____ Supplied data

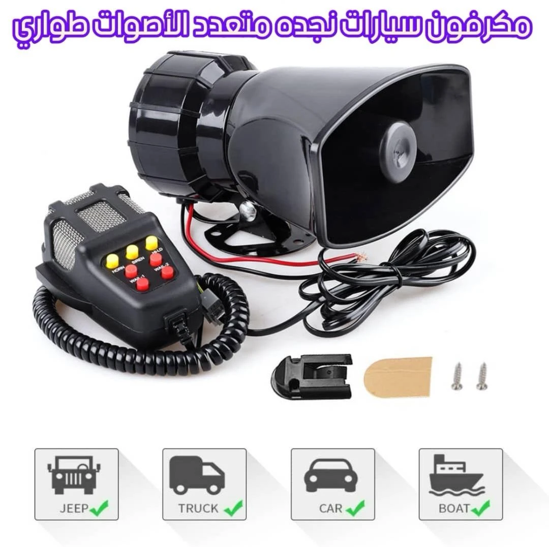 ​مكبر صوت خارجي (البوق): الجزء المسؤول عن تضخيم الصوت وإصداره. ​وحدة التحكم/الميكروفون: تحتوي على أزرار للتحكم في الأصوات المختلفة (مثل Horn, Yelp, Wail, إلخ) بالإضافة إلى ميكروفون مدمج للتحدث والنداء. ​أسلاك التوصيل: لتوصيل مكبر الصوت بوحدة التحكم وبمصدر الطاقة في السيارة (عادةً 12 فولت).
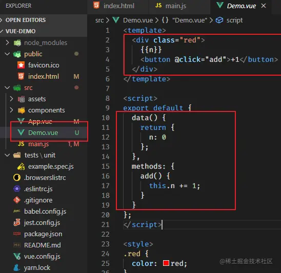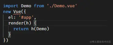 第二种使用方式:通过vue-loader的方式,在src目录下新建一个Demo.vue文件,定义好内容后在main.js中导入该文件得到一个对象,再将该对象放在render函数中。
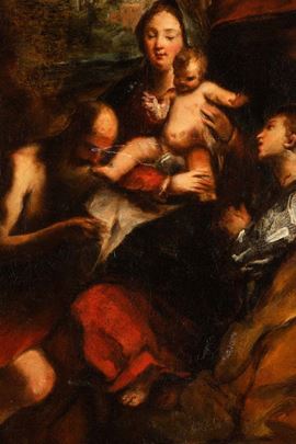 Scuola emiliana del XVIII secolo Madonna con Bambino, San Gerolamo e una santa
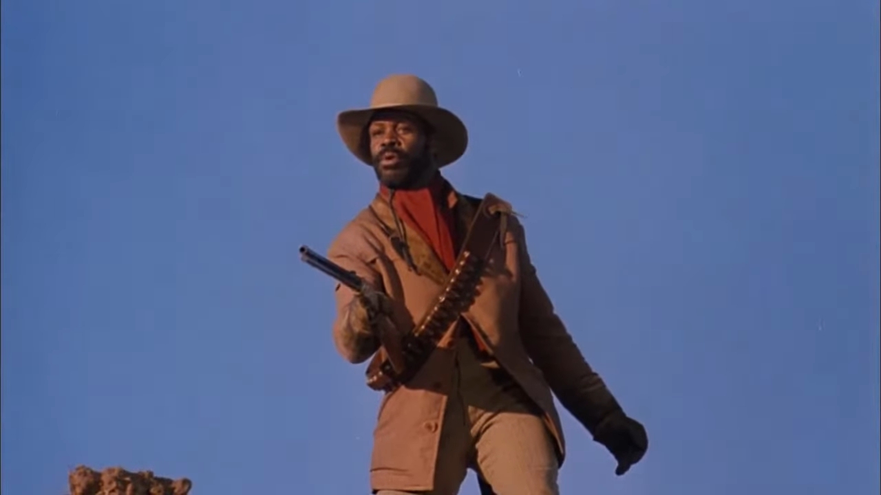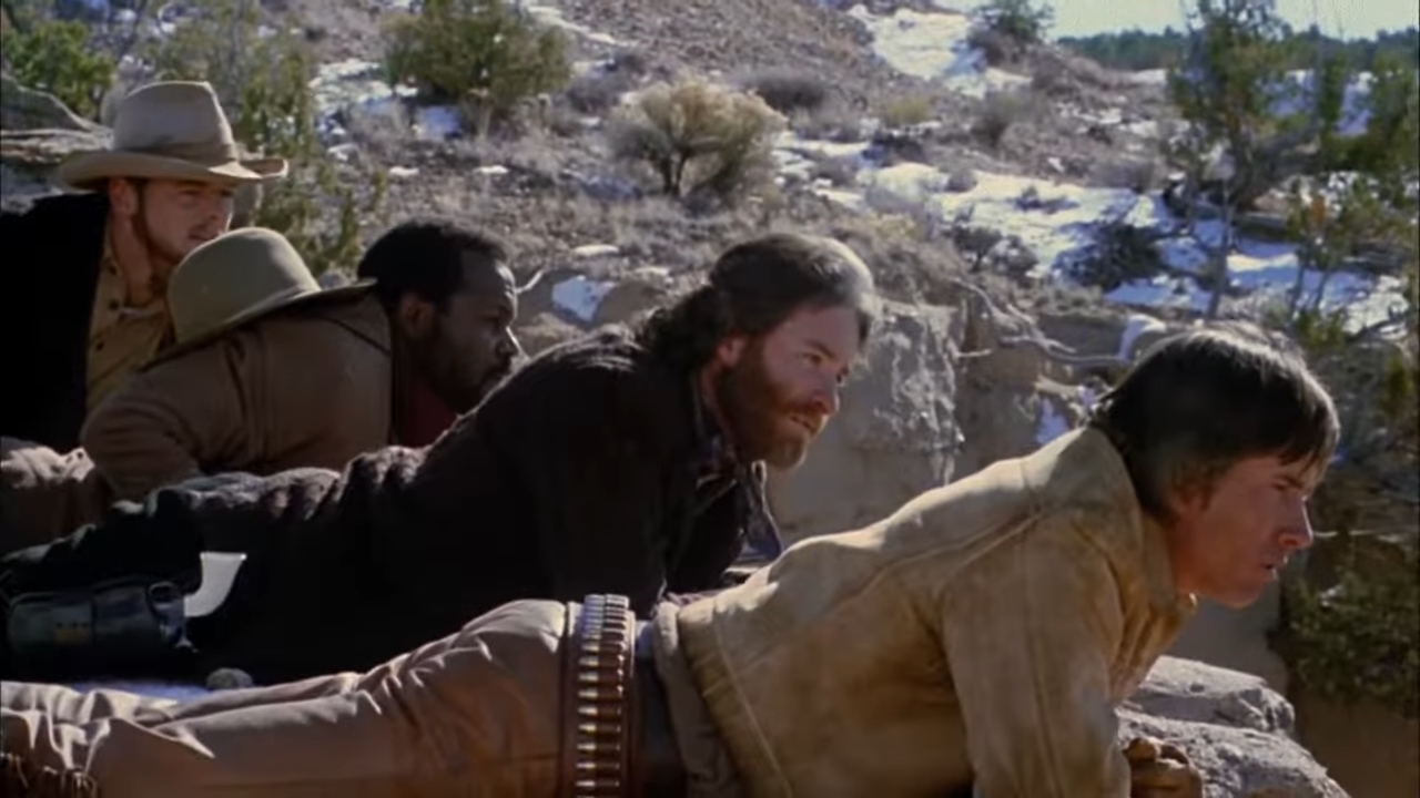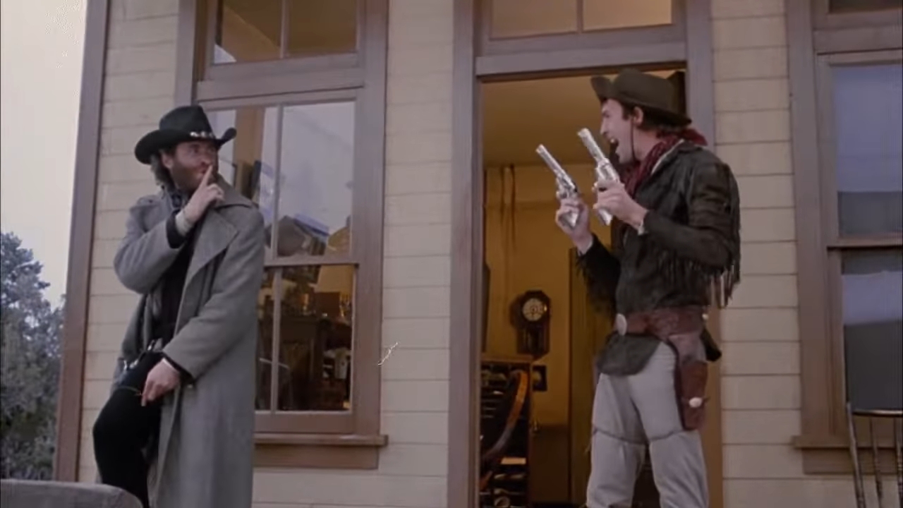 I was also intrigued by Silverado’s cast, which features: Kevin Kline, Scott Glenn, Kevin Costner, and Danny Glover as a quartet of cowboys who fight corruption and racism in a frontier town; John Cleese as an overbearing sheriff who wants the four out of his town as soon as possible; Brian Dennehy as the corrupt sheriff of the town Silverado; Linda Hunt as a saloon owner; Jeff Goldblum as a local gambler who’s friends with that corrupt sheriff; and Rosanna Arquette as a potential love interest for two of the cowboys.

________

Set down exactly the lines between the one with "第二种使用方式:通过vue-loader" and the last line of the material above, both included, but none of the pictures.

 第二种使用方式:通过vue-loader的方式,在src目录下新建一个Demo.vue文件,定义好内容后在main.js中导入该文件得到一个对象,再将该对象放在render函数中。
 Scuola emiliana del XVIII secolo Madonna con Bambino, San Gerolamo e una santa
 I was also intrigued by Silverado’s cast, which features: Kevin Kline, Scott Glenn, Kevin Costner, and Danny Glover as a quartet of cowboys who fight corruption and racism in a frontier town; John Cleese as an overbearing sheriff who wants the four out of his town as soon as possible; Brian Dennehy as the corrupt sheriff of the town Silverado; Linda Hunt as a saloon owner; Jeff Goldblum as a local gambler who’s friends with that corrupt sheriff; and Rosanna Arquette as a potential love interest for two of the cowboys.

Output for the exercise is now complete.